Parliamo di transessualità, una realtà ormai consolidata nella nostra società, e della questione se per cambiare nome all’anagrafe serva o meno l’intervento chirurgico. Il tema è ormai molto discusso ed è diventato importante anche a livello giuridico, dove molto spesso si è trovato al centro dei dibattiti più vari. Chi soffre di disforia di genere non si riconosce nel proprio sesso di nascita ma è possibile cambiare il proprio nome all’anagrafe, tralasciando l’operazione chirurgica per il cambio sesso?

Le sentenze sulla rettificazione di sesso anagrafico

La legge si è esposta diverse volte in merito al tema del «diritto ad una diversa identità di genere» slegata dalla componente biologica.

In particolare la legge n. 164 del 14.04.1982 ha dato il via libera al cambiamento del sesso anagrafico, o rettificazione, ossia è possibile cambiare nome e sesso sui documenti (patente, carta d’identità, tessera elettorale).
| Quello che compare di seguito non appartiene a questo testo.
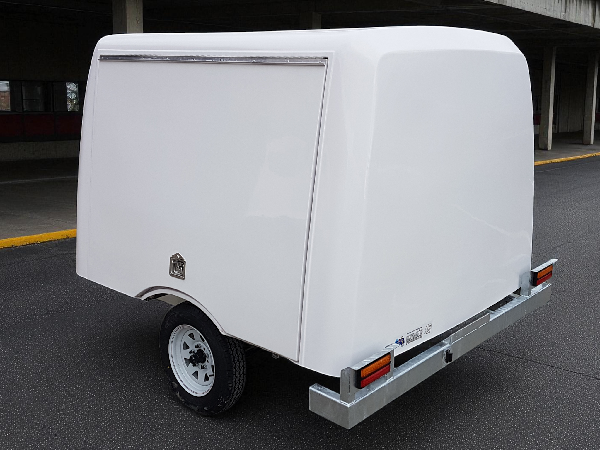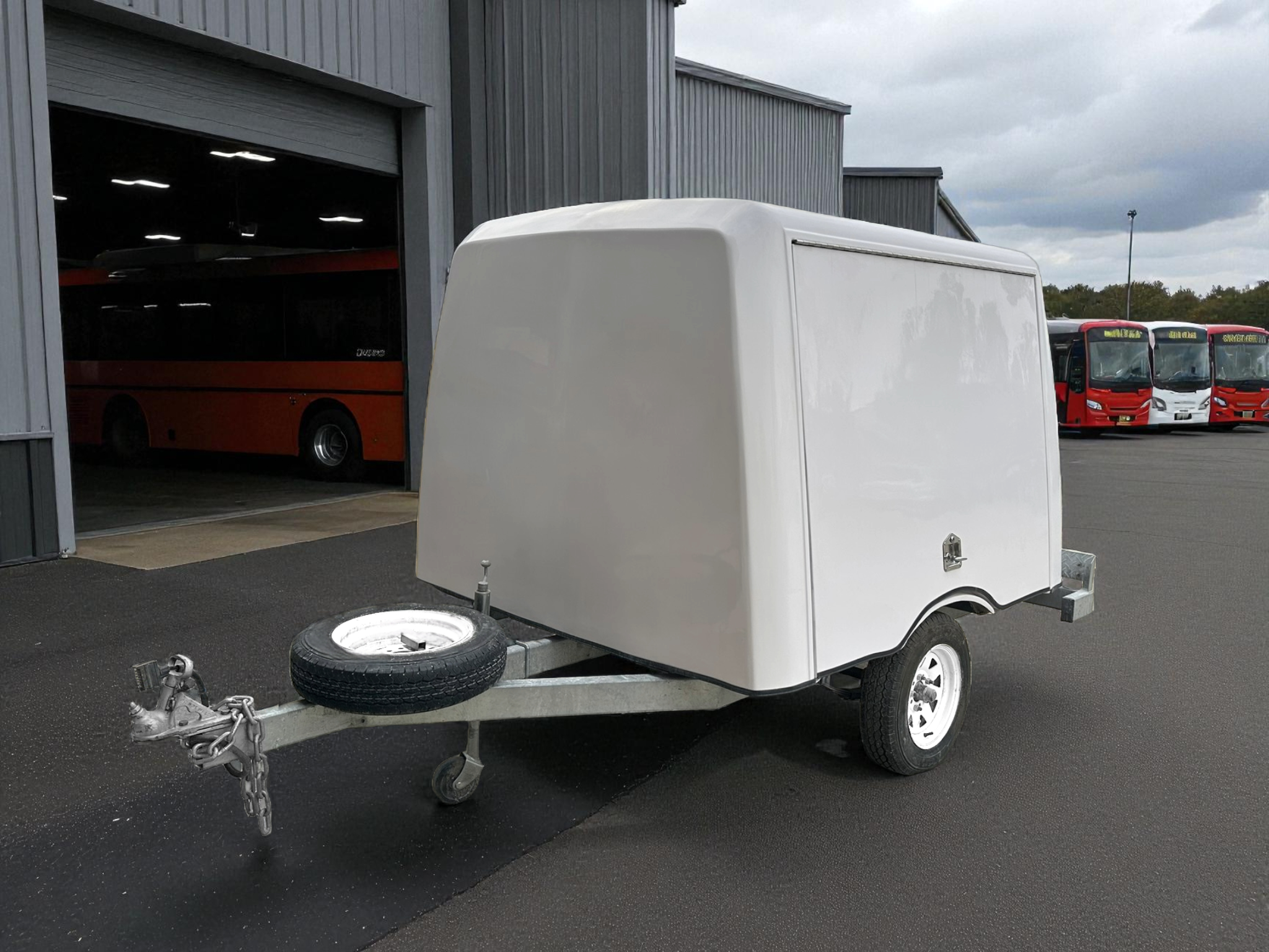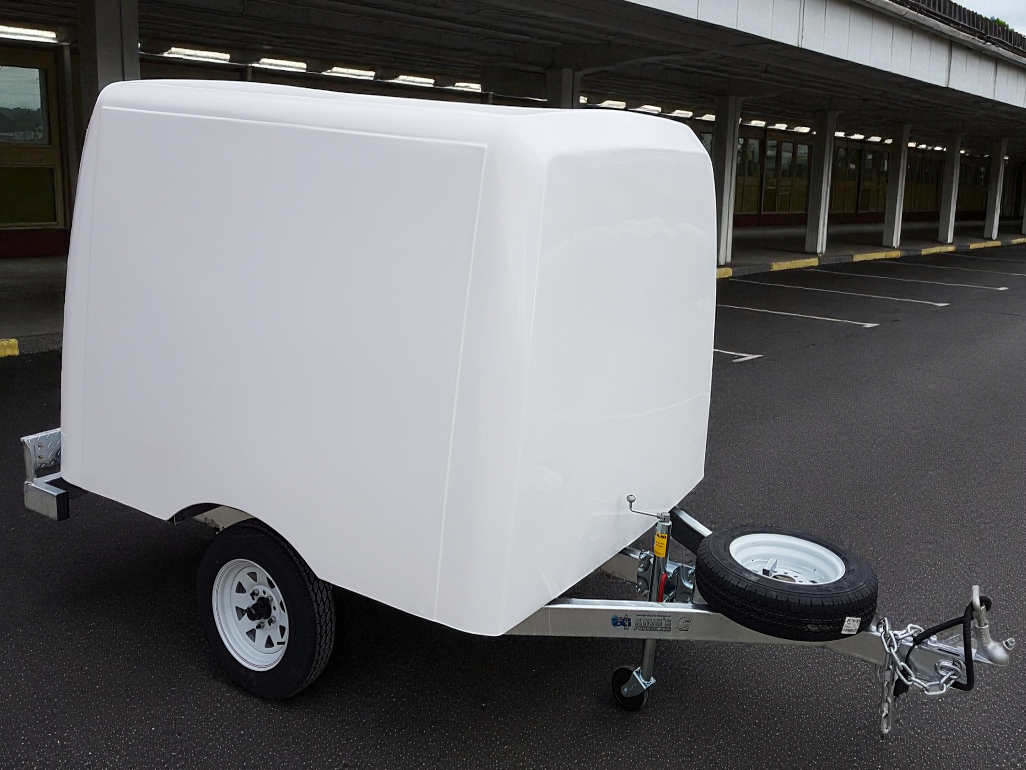King’s Fibreglass is proud to unveil our new line of luggage trailers which come in a small and large version. These trailers come standard with with a galvanized chassis, jockey wheel, spare wheel and all required lights. The body of each unit comes standard in a white gelcoat finish with either a side or rear opening door with lockable t handles providing added security to your load. These line of trailers are sure to help improve your luggage transporting needs and are suited to many forms of transportation from cars to coaches due their rugged and sturdy design along with their incredibly light weight.

Il D.Lgs. n. 150/2011, articolo 31, comma 4, invece, ha stabilito che la rettificazione di sesso anagrafico si può realizzare attraverso l’intervento chirurgico. In sostanza per poter cambiare identità e sesso sui documenti è necessario anche sottoporsi ad un ‘adeguamento ai caratteri sessuali’. Questa legge, quindi, impone come condizione quella di doversi sottoporre ad un’operazione molto delicata, demolitiva in alcuni casi, determinando la procedura per il cambio di sesso anagrafico molto lunga, la quale prevede prima una diagnosi psicologica di disforia di genere accompagnata da psicoterapia, una richiesta al Tribunale per avere l’accesso all’operazione chirurgica e un’istanza per avere il cambiamento dei documenti.

La sentenza numero n. 15138 del 20.07.2015. della Corte di Cassazione ha invece stabilito che non è più necessario l’intervento per ottenere il cambio di sesso anagrafico, riferendosi al particolare caso di un soggetto transessuale che aveva avuto concessione all’intervento ma poi aveva cambiato idea, volendo comunque effettuare la trasformazione all’anagrafe. La protagonista, infatti, non voleva più sottoporsi all’intervento, sentendosi comunque donna di fatto, ma avrebbe voluto il cambio anagrafico sui documenti.

Un’altra sentenza della Corte Costituzionale ha seguito la precedente sostenendo che l’operazione per cambiare sesso non era necessaria al fine di ottenere la correzione degli atti anagrafici, sottolineando l’importanza del principio del rispetto altrui e del rispetto reciproco e il benessere psicofisico della persona.